Aim of the task: Transcribe the listing exactly, so that nothing but the pictures is missing.
─── Information provided ───
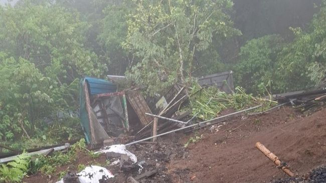 Tanah longsor terjadi di Banjar Yeh Ketipat dan Banjar Asah Panji, Desa Wanagiri, Kecamatan Sukasada, Buleleng, Bali, Rabu (15/1/2025). Sebanyak delapan bale bengong rusak karena musibah ini.
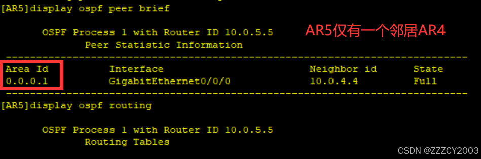 在AR5上检查邻居关系的概要信息和OSPF路由表
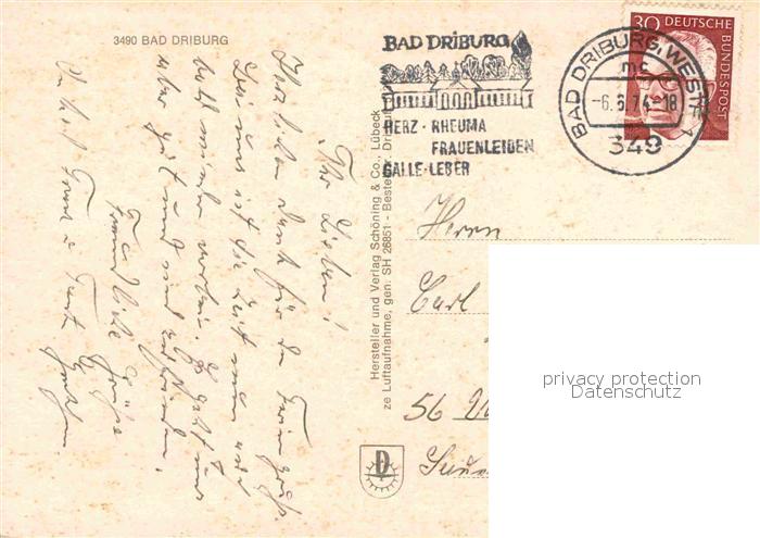 72798779 alte Postkarte Bad Driburg Fliegeraufnahme postalisch gelaufen Erhaltung siehe scans [FriedD77] KatCode: 11110005762004
───
Response to this exercise:
 Tanah longsor terjadi di Banjar Yeh Ketipat dan Banjar Asah Panji, Desa Wanagiri, Kecamatan Sukasada, Buleleng, Bali, Rabu (15/1/2025). Sebanyak delapan bale bengong rusak karena musibah ini.
 在AR5上检查邻居关系的概要信息和OSPF路由表
 72798779 alte Postkarte Bad Driburg Fliegeraufnahme postalisch gelaufen Erhaltung siehe scans [FriedD77] KatCode: 11110005762004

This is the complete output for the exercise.